2. Description of Related Art
[0003]Reference is made to
[0004]Reference is made to
[0005]Reference is made to
SUMMARY OF THE INVENTION
[0006]In view of the issues of the prior art, an object of the present invention is to provide a convolution operation instruction generation device, a convolution operation method, and an intelligence processing unit (IPU), so as to make an improvement to the prior art.

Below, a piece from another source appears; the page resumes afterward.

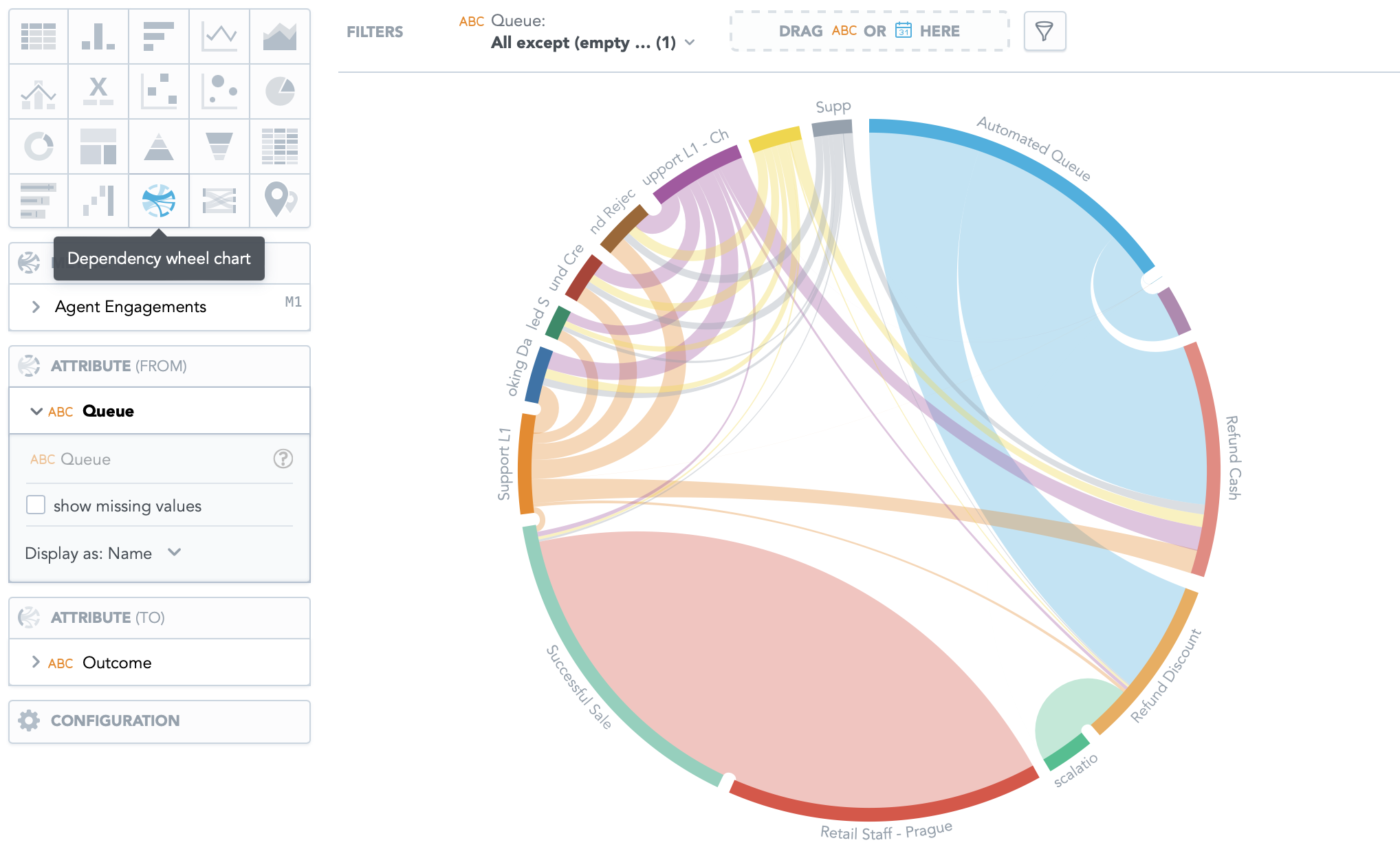 Drill-downs also lead to dashboards showing individual queues, channels, and outcomes to give you detailed information about them. Essentially any item that is bold in dashboards takes you further and enables you to explore those in depth.

[0007]According to one aspect of the present invention, a convolution operation instruction generation device is provided. The convolution operation instruction generation device generates a second convolution operation instruction based on a first convolution operation instruction. The first convolution operation instruction is for performing a two-dimensional (2D) convolution operation on a first input tensor and a first weight. The second convolution operation instruction includes a three-dimensional (3D) convolution operator and is executed by an IPU including a storage device and a computing circuit. The computing circuit accesses the storage device in units of Y elements. The convolution operation instruction generation device includes a memory and a processor. The memory is configured to store a plurality of program codes and/or program instructions. The processor is coupled to the memory and configured to execute the plurality of program codes and/or program instructions to perform following steps: (A) calculating a multiple according to Y, a size of a first dimension of the first weight, a size of a second dimension of the first weight, a dilation coefficient of the first dimension, and a first stride of the first dimension; (B) generating a second weight of the 3D convolution operator according to the multiple and the first weight; (C) generating a plurality of second biases of the second weight according to the multiple and a plurality of first biases of the first weight; and (D) determining a size of a third dimension of the second weight, a second stride of the third dimension, and a padding value of the third dimension according to a size of the first dimension, the multiple, the first stride, and the dilation coefficient.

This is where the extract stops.